_DATA EXCERPT_
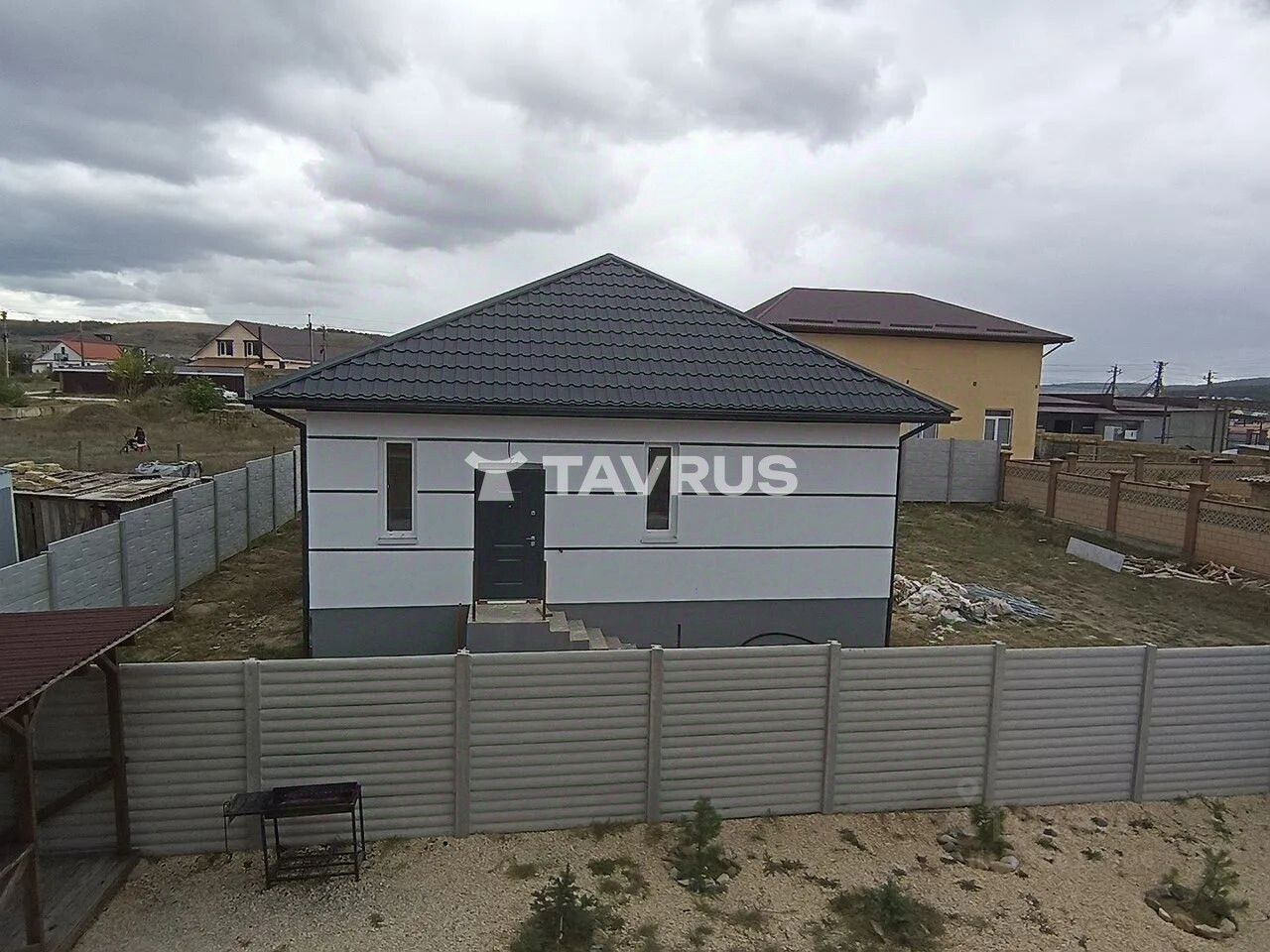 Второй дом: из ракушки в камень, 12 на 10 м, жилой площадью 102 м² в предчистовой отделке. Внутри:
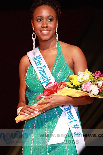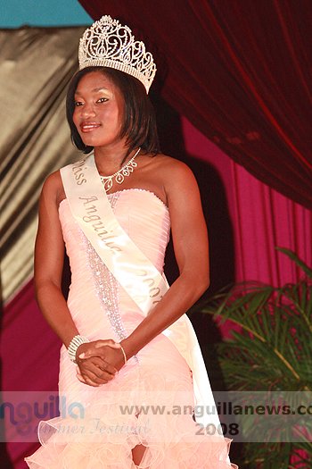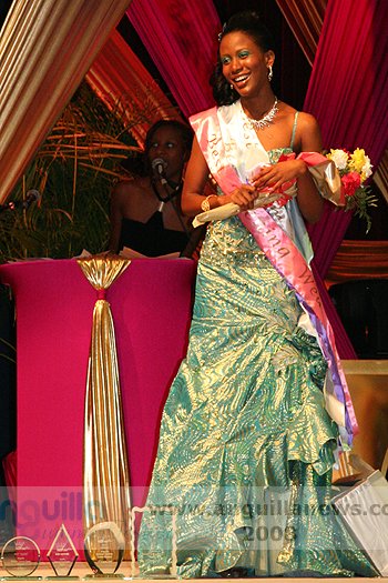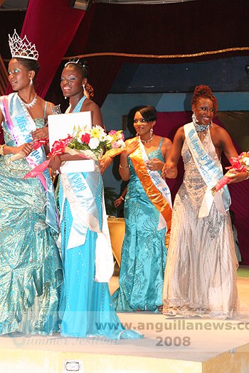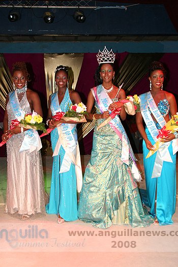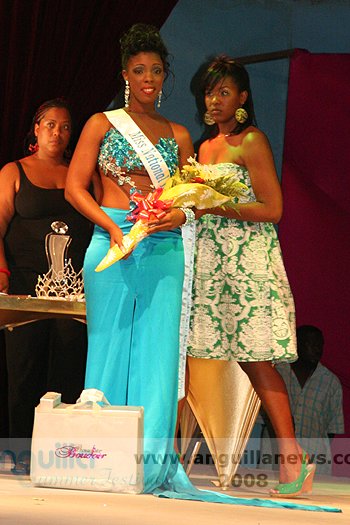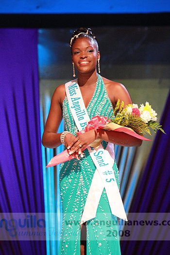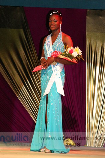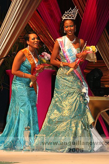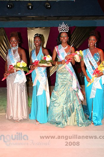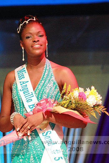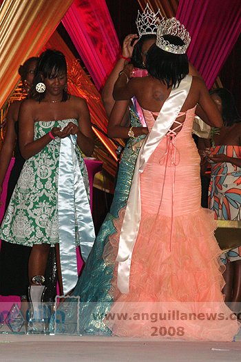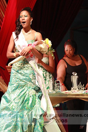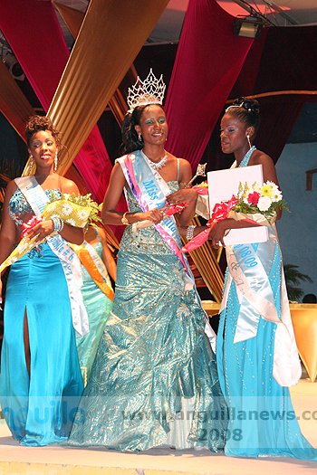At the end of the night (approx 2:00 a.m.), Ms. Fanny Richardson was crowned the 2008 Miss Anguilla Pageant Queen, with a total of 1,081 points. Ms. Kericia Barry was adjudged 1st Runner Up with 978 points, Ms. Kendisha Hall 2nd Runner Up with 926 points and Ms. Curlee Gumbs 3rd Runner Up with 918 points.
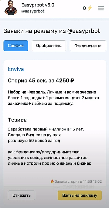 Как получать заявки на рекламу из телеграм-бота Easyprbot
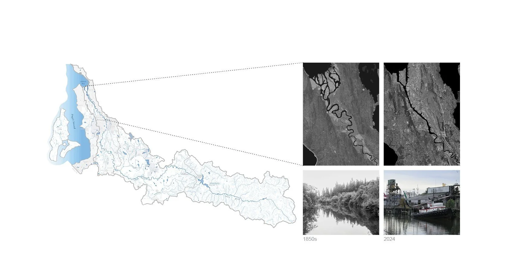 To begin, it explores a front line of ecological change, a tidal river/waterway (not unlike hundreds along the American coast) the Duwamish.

_TASK OBJECTIVE_
Reproduce all of the material exactly, apart from the pictures.

_THE COMPLETED TASK_
 Второй дом: из ракушки в камень, 12 на 10 м, жилой площадью 102 м² в предчистовой отделке. Внутри:
At the end of the night (approx 2:00 a.m.), Ms. Fanny Richardson was crowned the 2008 Miss Anguilla Pageant Queen, with a total of 1,081 points. Ms. Kericia Barry was adjudged 1st Runner Up with 978 points, Ms. Kendisha Hall 2nd Runner Up with 926 points and Ms. Curlee Gumbs 3rd Runner Up with 918 points.
 Как получать заявки на рекламу из телеграм-бота Easyprbot
 To begin, it explores a front line of ecological change, a tidal river/waterway (not unlike hundreds along the American coast) the Duwamish.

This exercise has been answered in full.